I couldn’t help but think of another Lord of the Rings example, when Samwise Gamgee asks Gollum to try his nicely seasoned, cooked food, and he says, “Even you couldn’t say no to that,” and Gollum says, “Oh, yes, we could spoiling nice fish. Give it to us raw and wriggling.”
They simply didn’t care. They would say, “No, give it to us now, and if now I will take it by force.”
Verse 17. “Thus the sin of the young men was very great in the sight of the Lord, for the men treated the offering of the Lord with contempt.”
They didn’t care. They were taking when they should have been serving. And now we start to see the scenes shift. We’ll see this flip-flopping throughout the passage.
“Samuel was ministering before the Lord, a boy clothed with a linen ephod.”
The priests were covered in their fat, and the boy was clothed in a priestly robe. And here you have the first hint of the priestly role being jerked away, stolen away from Eli’s house, from Aaron’s house, and given to a newcomer, a young boy, that was given as a sacrifice. So the priests were taking and this young boy was given. Eli’s sons were taking, Hannah’s son was given.

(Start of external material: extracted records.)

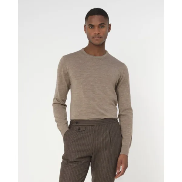 Dutch Dandies - Crew-neck sweater Connery biedt comfort en stijl in de warme tint Fields of Rye. Deze fijngebreide trui is perfect voor casual en smart-casual gelegenheden, met een zachte en duurzame constructie van hoogwaardige materialen. Dutch Dandies staat voor moderne elegantie en verfijning, met een oog voor detail en vakmanschap dat je garderobe naar een hoger niveau tilt. - Over het merk: Dutch Dandies is een merk dat de dandy lifestyle hoog in het vaandel heeft staan. De man die vanuit zijn levensvisie veel aandacht besteedt aan zijn uiterlijk, dat is een echte Dutch Dandy. De kledinglijn is geïnspireerd op de ouderwetse dandy stijl, maar ouderwets is een woord waarmee je het merk tekort zou doen. De man met een Rock & Roll lifestyle, maar dan met een grote feeling voor stijl en details.
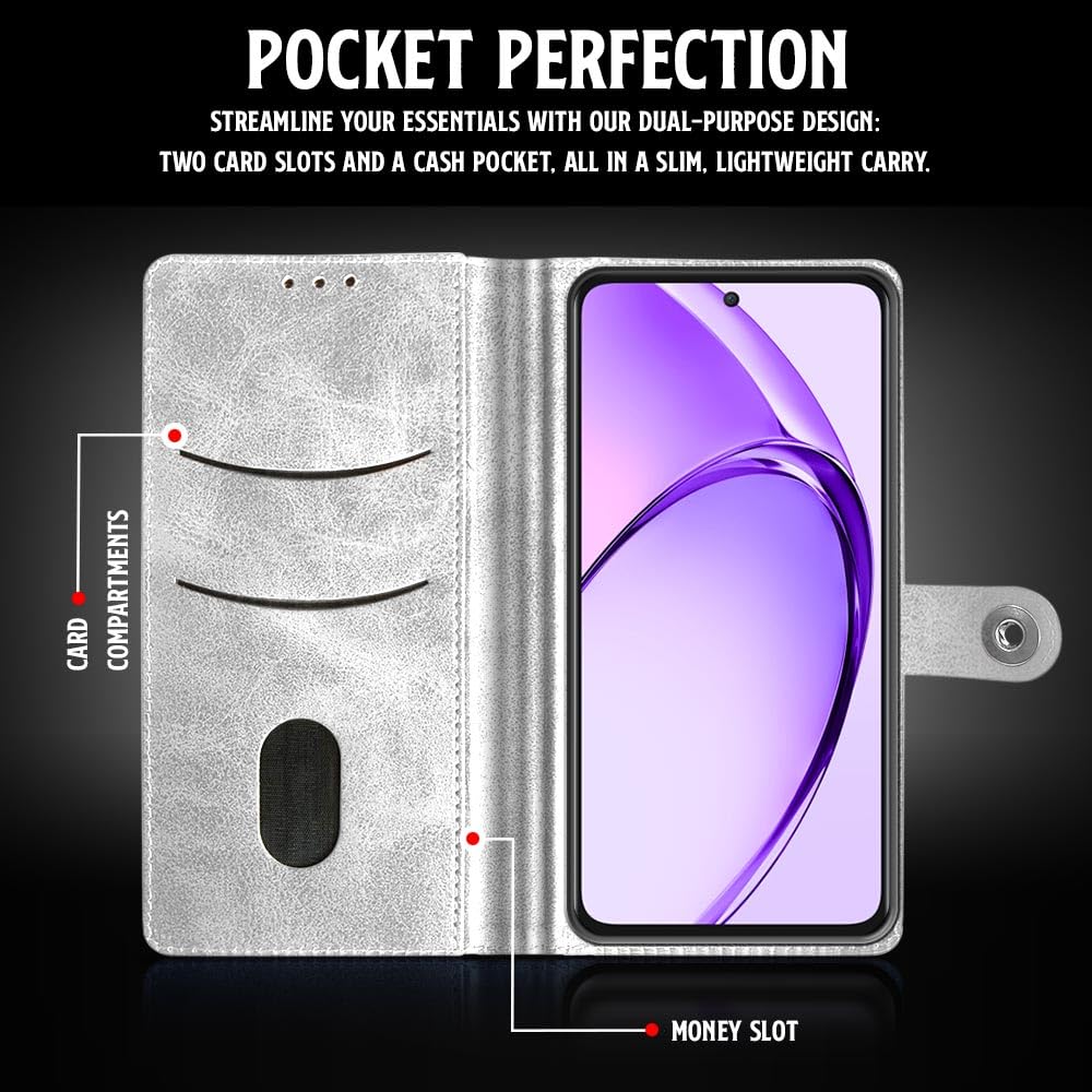 Buy premium shock proof flip cover back case for oppo a3 pro 5g. Leather finish with magnetic flip closure, wallet pockets and stand support. Durable protection against drops and scratches with a perfect fit for oppo a3 pro 5g.
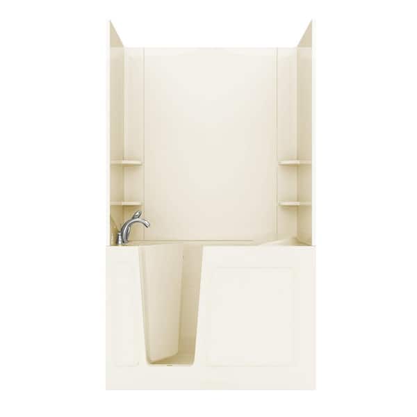 Rampart 4.5 ft. Walk-in Whirlpool and Air Bathtub with Flat Easy Up Adhesive Wall Surround in Biscuit
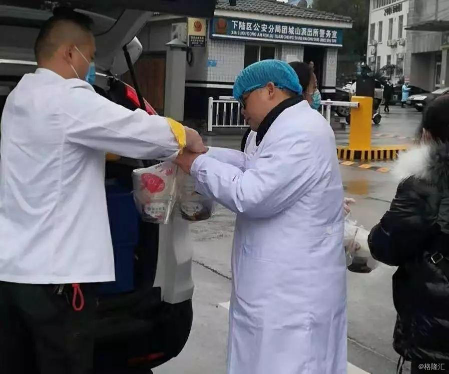 当天,位于阳新的老兴国土豚汤和口味堂,看到三五轩在黄石市区的爱心送餐活动后,都开始联系阳新当地的医院,为当地医护人员提供爱心晚饭。

“And his mother used to make for him a little robe and take it to him each year when she went up with her husband to offer the yearly sacrifice.”
That’s kind of a beautiful and poignant little scene, a change of scenes once again. We see the mother’s love and care. Have you bought pants for your growing kids and then one week later they’re too short? Well, one year later, I’m sure that Hannah provided a robe that you would sort of throw over your shoulders and tie, it was long enough to cover the knees and maybe the ankles, I don’t know how, well, in Leviticus, I think it goes down to the ankles, and then later on the would be wearing high-waters.
So the next year momma would come and provide him with a new one. You see the mother’s love. I wonder if Samuel ever thought, “This year it’s Legos!” [laughter] And out come the Christmas socks and sweaters again.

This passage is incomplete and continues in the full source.